Double Int.

[Cove-Creek]

reverse and eval.

What have I done wrong?

http://www.hunt101.com/img/486288.jpg

 

[stapel]

Tutors: The image quality is rather poor. The integral and working appears to be as follows:

\(\displaystyle \L \int_{x=0}^2 \, \int_{y=x}^2 \, 2\, y^2\, \sin{(xy)}\, dy\,dx\)

Instructions: Reverse order of integrate and [illegible].

       /|\
        |
      2 ------* (2, 2)
        | R /
        | /
--------+-----|-->
x       |     2
        |y

\(\displaystyle \L \int_{y=0}^2\, \int_{x=0}^2\, 2\, y^2\, \sin{(xy)}\, dx\, dy\)

. . . . . . . . . .\(\displaystyle \L =\, \int_{y=0}^2\, \left[\, 2\, x^2\, y\, (-\cos{(xy)})\, \right]\, |_{x=0}^2\, dy\)

. . . . . . . . . .\(\displaystyle \L =\, \int_{y=0}^2\, \left(\, 4\, y^2\, (-\cos{(2y)})\, \right)\, dy\)

. . . . . . . . . .\(\displaystyle \L =\, \left[\, \left(\frac{4}{3}\right)\, y^3\, (-\sin{(2y)})\, \right]\, |_0^2\)

. . . . . . . . . .\(\displaystyle \L =\, \left[\, \left(\frac{4}{3}\right)\, (8)\, (-\sin{(4)})\, \right]\)

. . . . . . . . . .\(\displaystyle \L =\, \left(\frac{32}{3}\right)\, (-\sin{(4)})\)

 

[Unco]

reverse and eval.

What have I done wrong?

http://www.hunt101.com/img/486288.jpg

Notice that your new integral limits represent a square, contrary to your correct diagram. On your diagram, you want to consider horizontal strips. From left to right, for each strip we have x going from 0 (the y-axis) to y (the diagonal line). Such strips are summed from y=0 (the x-axis) to y=2.
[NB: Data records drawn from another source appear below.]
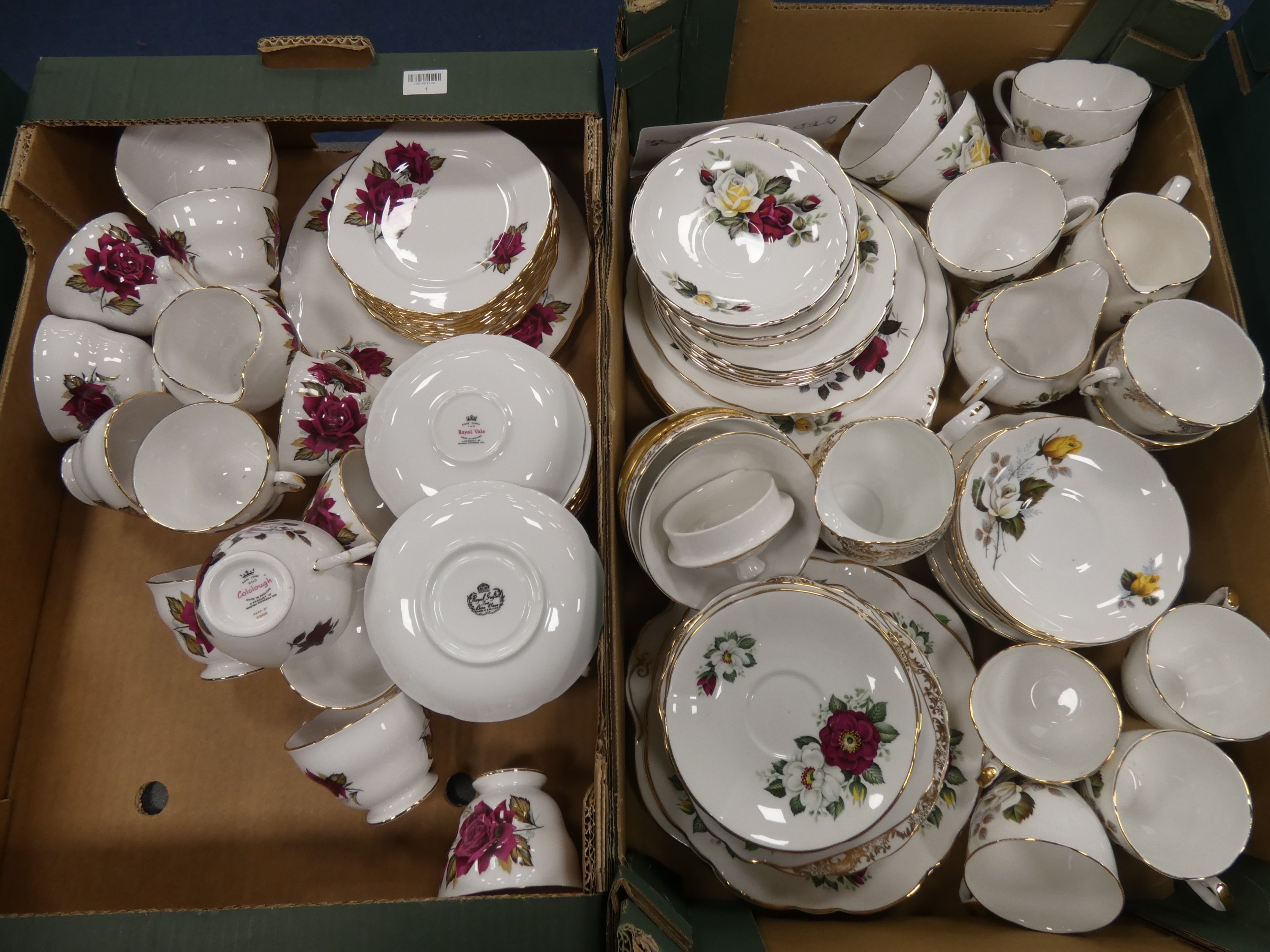 Two cartons containing floral china tea and dinnerwares to include Colclough, Royal Vale and Royal Grafton etc.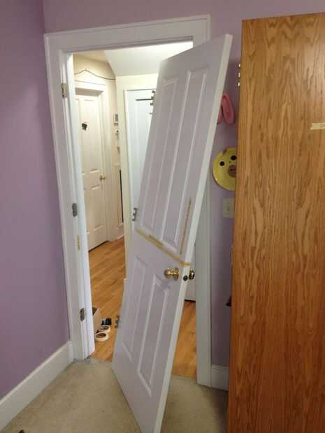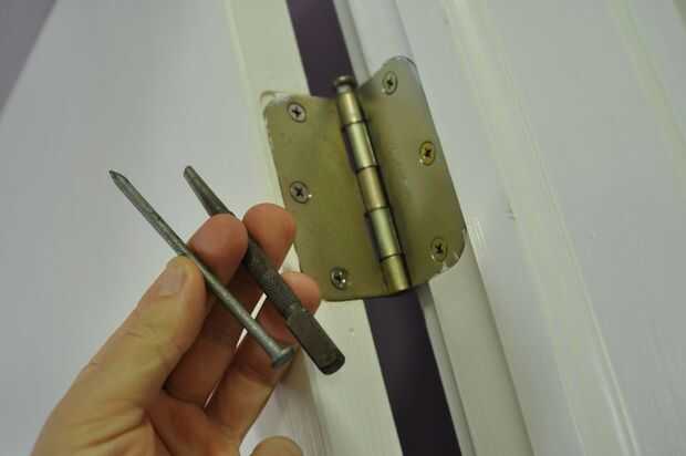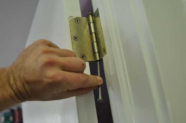 Utilice un martillo y un punzón, clavo pesado o una herramienta similar para subir los pines por la parte inferior de la bisagra y eliminarlos. Una vez que los tres se quitan, puede quitar la puerta del marco. Puede que desee que un asistente le ayude a. Tenga cuidado con la puerta y sus paredes y carpintería.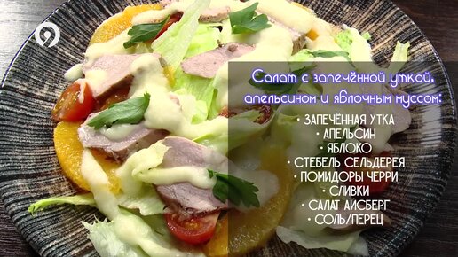 Салат с запеченной уткой, апельсином и яблочным муссом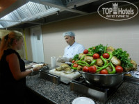 РЕСТОРАН. Абалдеть! Все вкусно и много! Фрукты были – арбузы, дыни (зеленые, но сладкие), алыча (зеленая, кислая), абрикосы и нектарины (вкусные), яблоки, апельсины (Очень вкусные!). Форель копченая (пальчики оближешь! брали в номер с пивом - во!!!), форель и еще какая-то здоровая рыба (сантиметров 50) - вкусняцкие, мясо (барашек, индейка, курица, телятина) - выше всех похвал! Попробуйте торт-суфле! Отойти не могла – как мороженое - тает во рту! Ох, слюнки потекли))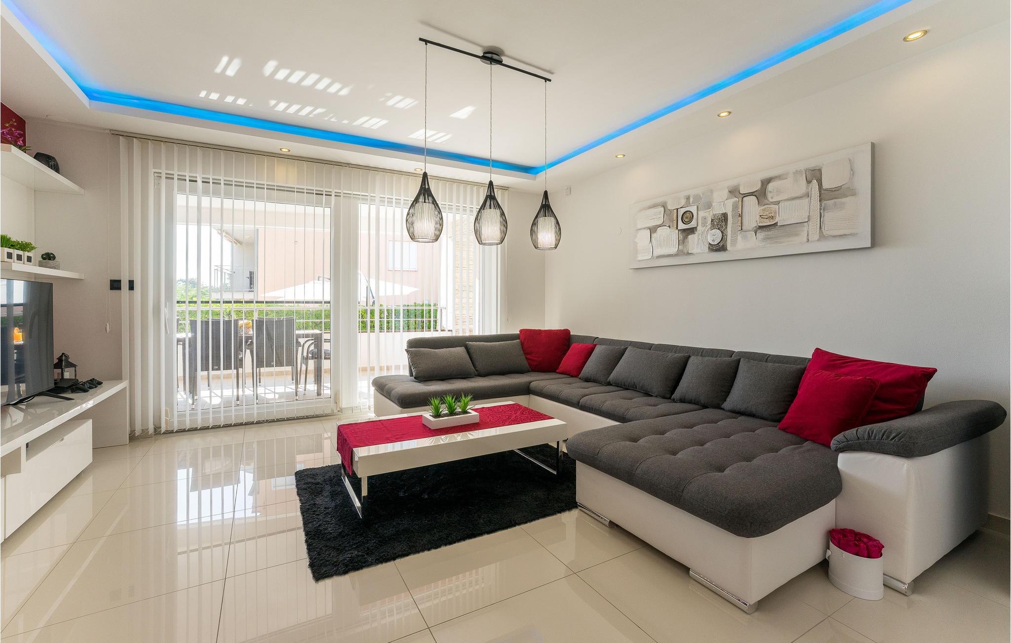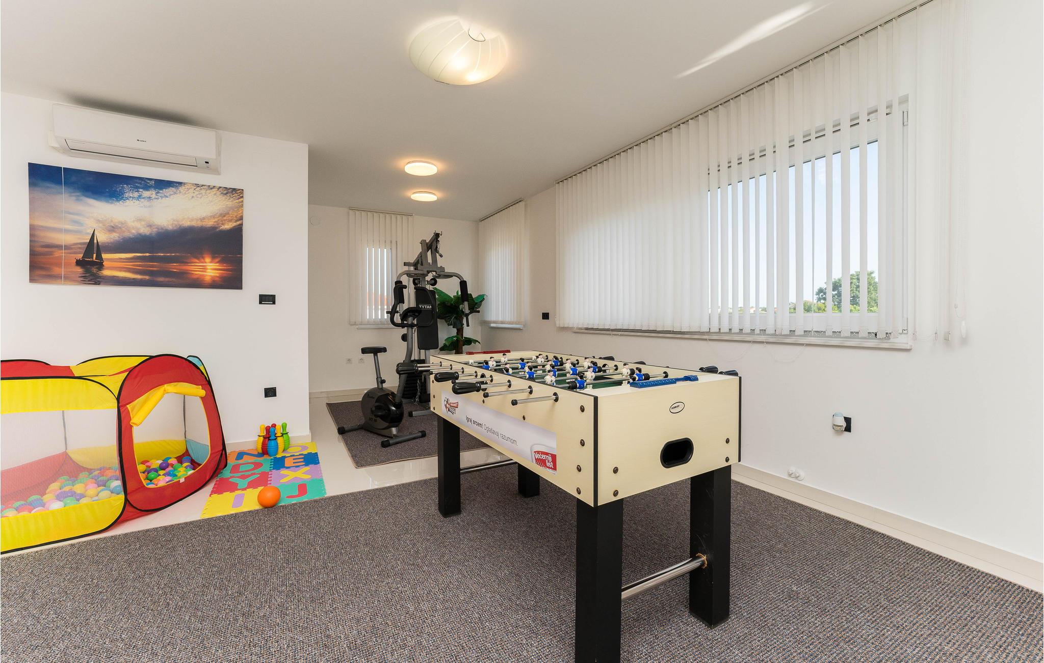 Und dig selv og dine kære en drømmeferie i dette attraktive feriehus med pool. Det ligger i nærheden af et kendt feriecenter og har forskellige faciliteter for børn og voksne. Rummene, der er gennemstrømmede af lys, er indrettet stilfuldt og meget komfortabelt. På første sal er der foruden soveværelserne også et fritidsrum, hvor der findes noget motionsudstyr og nogle selskabsspil. I to badeværelser er der hydro-massage-doucher. Ved siden af den udendørs pool kan I lave lækre fiske-, kød- og grønsagsretter på grillen, mens jeres børn leger uforstyrrede. Den udendørs belysning på terrassen sørger for yderligere behagelig aftenstemning. Den lille by Zaton er ideel til en rolig familieferie og er ligeledes rig på sand- og kiselstrande.
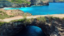Woman Meditating In Yoga Warrior Pose At The Ocean, Beach And Rock Mountains. Yoga Pose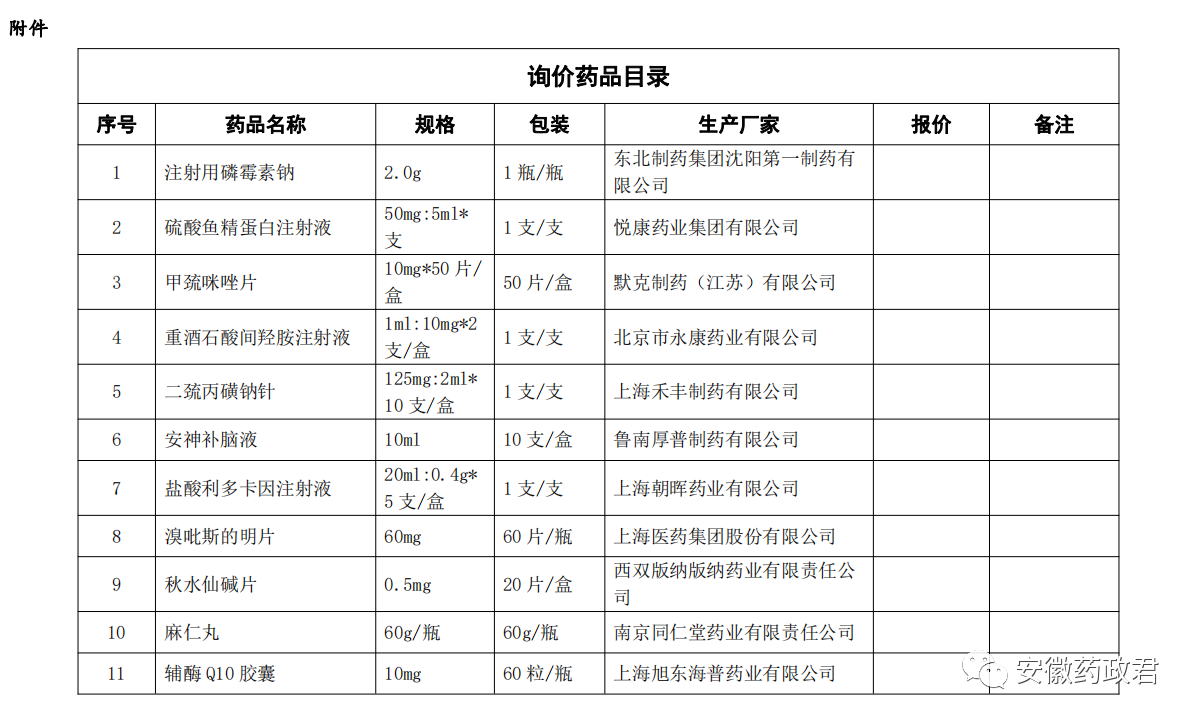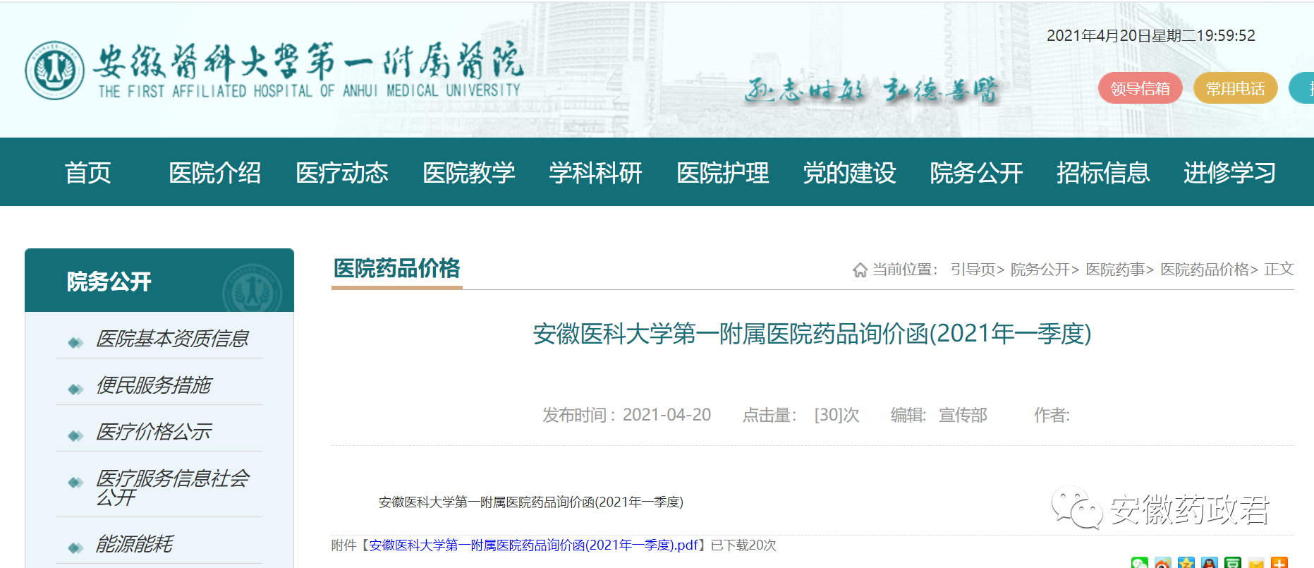 根据药品配送企业及生产企业提出药品调价申请,按照《安徽医科大学第一附属医院药品价格管理制度》、《安徽医科大学第一附属医院临床必需药品更换流程》、《安徽医科大学第一附属医院药品临时配送流程》及《安徽医科大学第一附属医院短缺药品应急采购工作制度》,结合安徽省药品集中招标采购、药品带量采购以及“两票制”配送的相关的要求,拟近期对因价格原因造成临床短缺的20 个常用药品进行公开询价,诚邀与我院有业务关系的各家药品经营公司参与报价。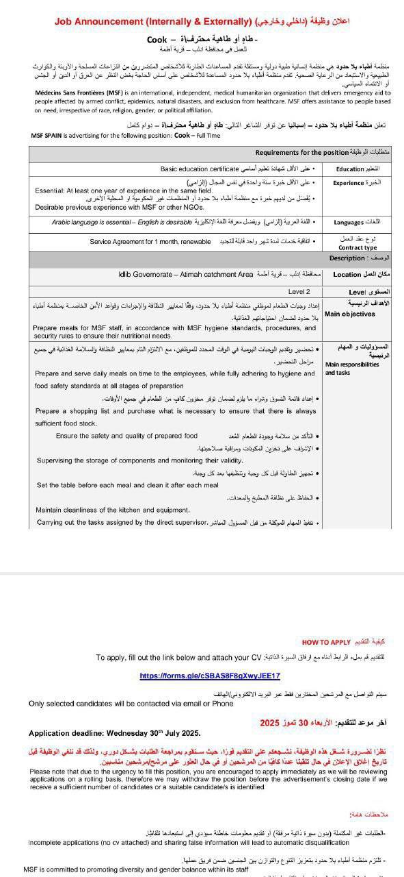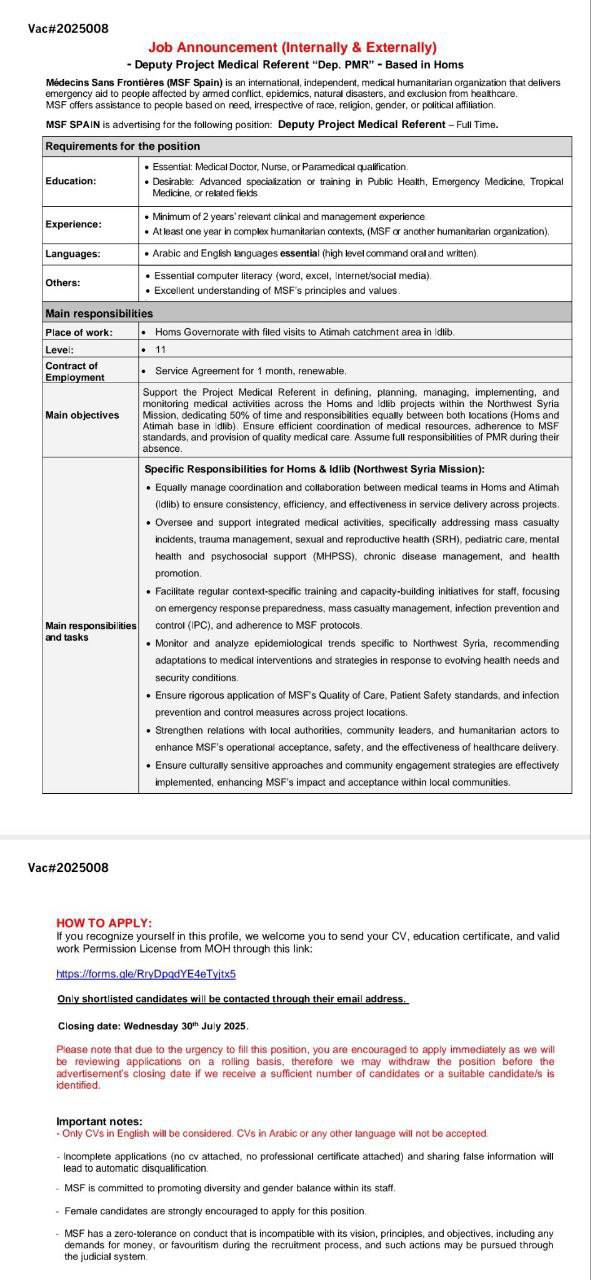 تعلن منظمة MSF عن توفر شواغر وظيفية في محافظتي حمص وإدلب، ضمن جهودها المتواصلة لتقديم خدمات صحية عالية الجودة للمجتمعات المتأثرة.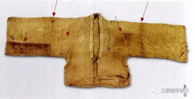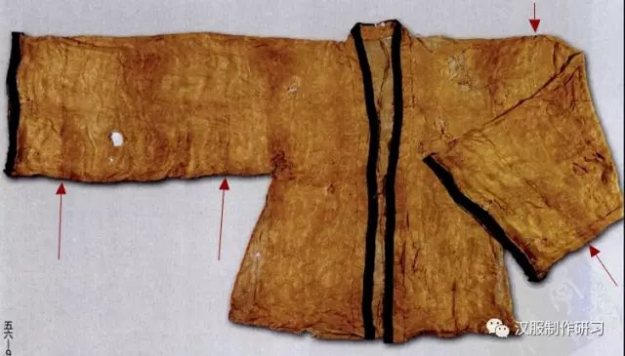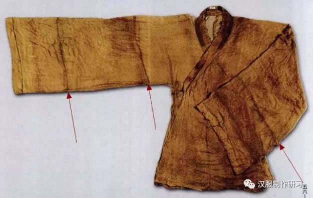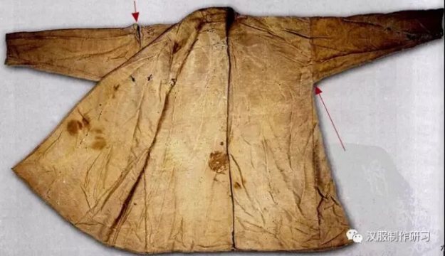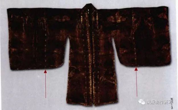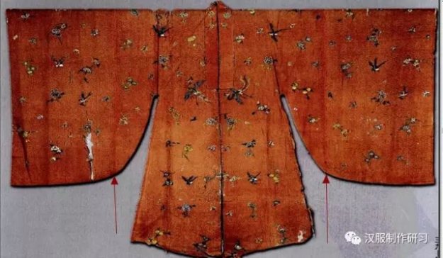 1980年贵州张守宗夫妇墓女室出土,贵州省博物馆藏衣长74cm,通袖长180cm。衣服和袖子是用的两种不同的面料!
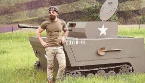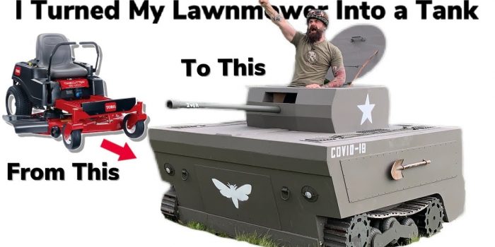 在“油漆工作”之后,他又增加了飞蛾和COVID-19徽章的设计。观看完整的视频转换骑马割草机成一个迷你坦克的视频。这家伙无疑拥有一些出色的技能。

Moreover, your integrating is a bit mixed up. \(\displaystyle \mbox{ \int 2y^2sin(xy) dx = -2y\cos{(xy)}}\), for example.

 

[Cove-Creek]

Sorry for the poor image quality.

I am following you when you say to look at the horizontal strips but I am still not clear on what my new integral limits should be.

 

[Cove-Creek]

limits for dx should be x = 0 to x = y and limits for dy should be y = 0 to y = 2

I think that I understand it now, thanks unco